> **Data block**

^^^^^^^^^^^^^^^^

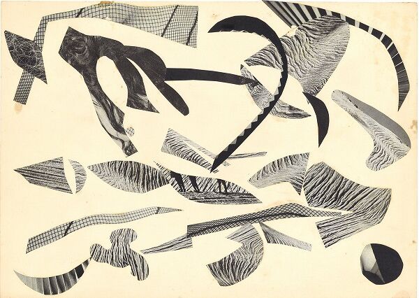 一方、cat.nos.3, 10, 11の作品では、切り抜かれた個々のイメージはひじょうに断片的であり、もともと何のイメージだったかわかりにくい。cat.no.3 の作品における縞模様のイメージは、その一部にスキーヤーの姿をかろうじて認めることができるので、雪山の写真を切り抜いたものとわかるが、あまりに細分化されているため、雪山という意味を失い、同じ画面内に配されている網目のイメージとほぼ等価の、単なる模様としての効果を求められるのみの存在となっている。そして、個々のイメージがあまりに断片化され、画面内にオール・オーヴァーに貼り付けられているため(とくにcat.no.10は中心から四方にイメージが放射状に散らばるように配置されている)、作品の天地がはっきりしない(5)。現在採用されている画面の向きはあくまで暫定的なものだ。
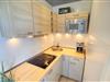 Komplett ausgestattete Küche mit Kühlschrank, Gefrierfach, Ceranfeld, Kaffeemaschine, Wasserkocher und Toaster
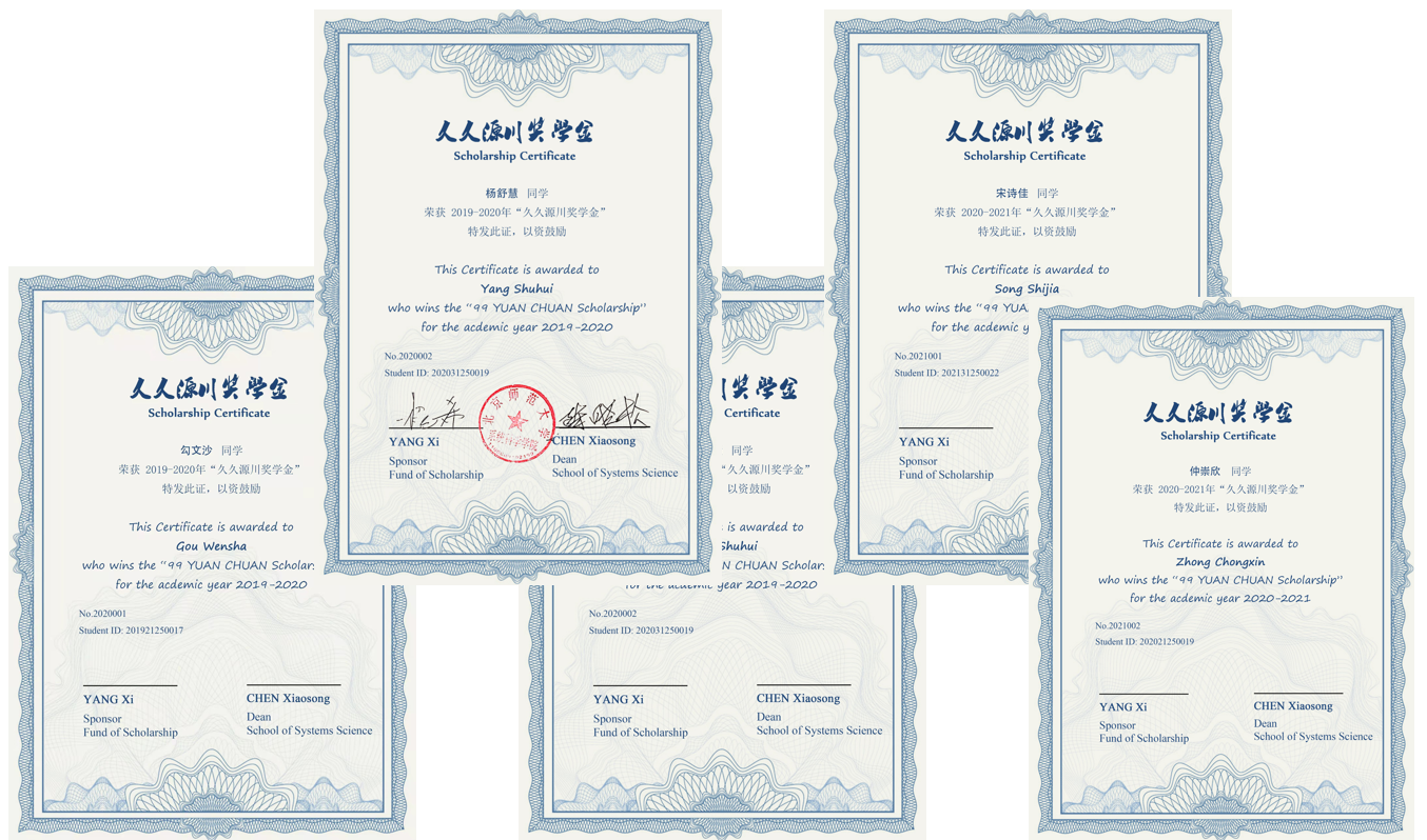“久久源川”奖学金由北京师范大学原系统科学系99级本科生于2014年向学校校友会捐赠设立,取自“饮水思源、海纳百川”之意。奖学金基金发起人为沣扬资本创始合伙人杨希,该奖学金每年设立2个名额,旨在奖励北京师范大学系统科学学院中家庭贫困或学习成绩优秀、综合素质突出的在校本科生和研究生。成立至今,学院已经有16名同学获得了资助。

^^^^^^^^^^^^^^^^

> **Work request**
The material above is to be transcribed exactly, with all pictures omitted.

> **Solution below**
 一方、cat.nos.3, 10, 11の作品では、切り抜かれた個々のイメージはひじょうに断片的であり、もともと何のイメージだったかわかりにくい。cat.no.3 の作品における縞模様のイメージは、その一部にスキーヤーの姿をかろうじて認めることができるので、雪山の写真を切り抜いたものとわかるが、あまりに細分化されているため、雪山という意味を失い、同じ画面内に配されている網目のイメージとほぼ等価の、単なる模様としての効果を求められるのみの存在となっている。そして、個々のイメージがあまりに断片化され、画面内にオール・オーヴァーに貼り付けられているため(とくにcat.no.10は中心から四方にイメージが放射状に散らばるように配置されている)、作品の天地がはっきりしない(5)。現在採用されている画面の向きはあくまで暫定的なものだ。
 Komplett ausgestattete Küche mit Kühlschrank, Gefrierfach, Ceranfeld, Kaffeemaschine, Wasserkocher und Toaster
“久久源川”奖学金由北京师范大学原系统科学系99级本科生于2014年向学校校友会捐赠设立,取自“饮水思源、海纳百川”之意。奖学金基金发起人为沣扬资本创始合伙人杨希,该奖学金每年设立2个名额,旨在奖励北京师范大学系统科学学院中家庭贫困或学习成绩优秀、综合素质突出的在校本科生和研究生。成立至今,学院已经有16名同学获得了资助。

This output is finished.